The entries below contain pictures. Write out only the lines from the line with "- Quick Access: Bear" up to and including the line with "Перед нами стояла", exactly, without them.

◆ Source data
......

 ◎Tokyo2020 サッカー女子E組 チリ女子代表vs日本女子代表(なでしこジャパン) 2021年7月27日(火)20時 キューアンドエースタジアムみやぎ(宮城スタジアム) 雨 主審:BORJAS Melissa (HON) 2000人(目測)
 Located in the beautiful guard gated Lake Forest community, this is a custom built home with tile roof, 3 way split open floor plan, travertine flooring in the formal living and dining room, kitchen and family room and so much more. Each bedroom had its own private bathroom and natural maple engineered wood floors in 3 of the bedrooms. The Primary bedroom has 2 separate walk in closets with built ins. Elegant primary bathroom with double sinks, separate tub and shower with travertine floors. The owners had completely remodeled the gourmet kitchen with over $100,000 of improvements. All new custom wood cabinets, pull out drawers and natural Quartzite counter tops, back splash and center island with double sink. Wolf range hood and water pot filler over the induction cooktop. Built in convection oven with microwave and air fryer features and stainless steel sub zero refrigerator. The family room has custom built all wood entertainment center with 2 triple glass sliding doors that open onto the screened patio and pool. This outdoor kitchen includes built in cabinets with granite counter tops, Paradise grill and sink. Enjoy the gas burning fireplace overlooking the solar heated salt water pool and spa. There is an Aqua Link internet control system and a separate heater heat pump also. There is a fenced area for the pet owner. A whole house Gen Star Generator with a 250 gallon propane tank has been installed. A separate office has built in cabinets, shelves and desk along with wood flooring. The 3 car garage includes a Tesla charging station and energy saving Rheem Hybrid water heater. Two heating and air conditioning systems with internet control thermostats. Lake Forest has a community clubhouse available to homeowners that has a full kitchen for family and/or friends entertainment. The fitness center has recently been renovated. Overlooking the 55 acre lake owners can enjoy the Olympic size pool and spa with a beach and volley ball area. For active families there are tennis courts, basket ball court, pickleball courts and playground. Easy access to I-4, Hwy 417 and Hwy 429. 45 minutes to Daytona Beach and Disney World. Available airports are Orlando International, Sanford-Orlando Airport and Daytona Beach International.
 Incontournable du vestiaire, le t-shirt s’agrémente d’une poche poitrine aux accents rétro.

......

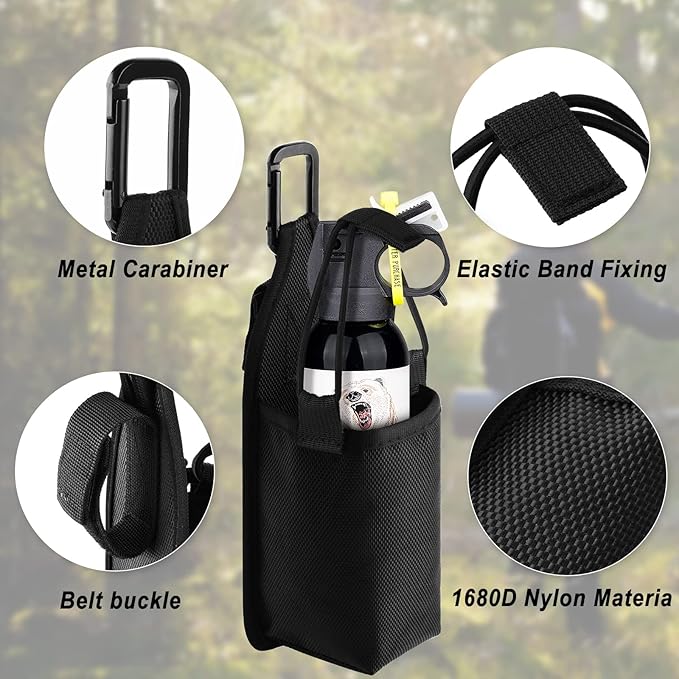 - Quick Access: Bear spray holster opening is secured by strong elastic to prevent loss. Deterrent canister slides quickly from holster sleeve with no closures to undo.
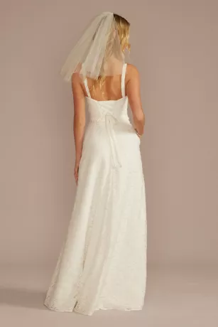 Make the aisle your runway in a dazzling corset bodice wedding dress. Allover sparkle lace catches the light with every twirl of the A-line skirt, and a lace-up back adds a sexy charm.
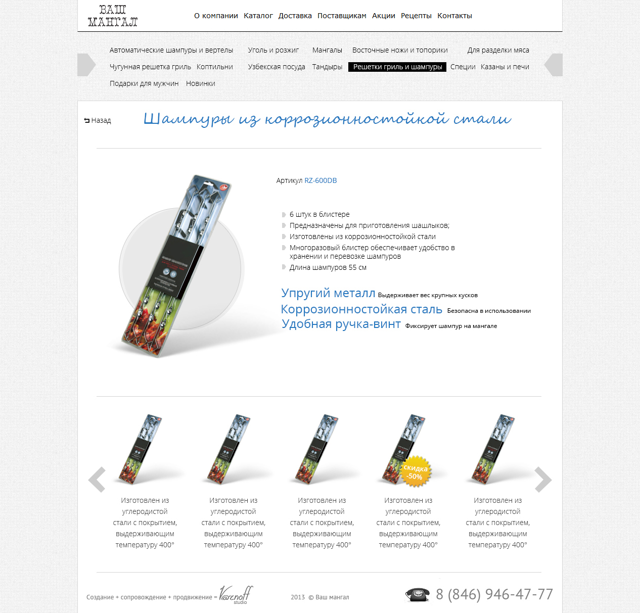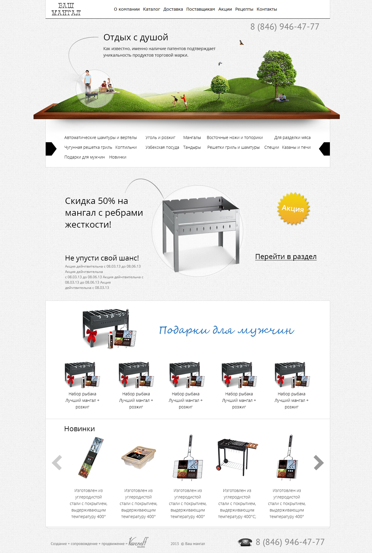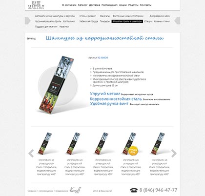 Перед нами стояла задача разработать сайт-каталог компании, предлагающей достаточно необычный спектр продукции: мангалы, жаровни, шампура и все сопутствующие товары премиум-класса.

......

◆ Response below
 - Quick Access: Bear spray holster opening is secured by strong elastic to prevent loss. Deterrent canister slides quickly from holster sleeve with no closures to undo.
 Make the aisle your runway in a dazzling corset bodice wedding dress. Allover sparkle lace catches the light with every twirl of the A-line skirt, and a lace-up back adds a sexy charm.
 Перед нами стояла задача разработать сайт-каталог компании, предлагающей достаточно необычный спектр продукции: мангалы, жаровни, шампура и все сопутствующие товары премиум-класса.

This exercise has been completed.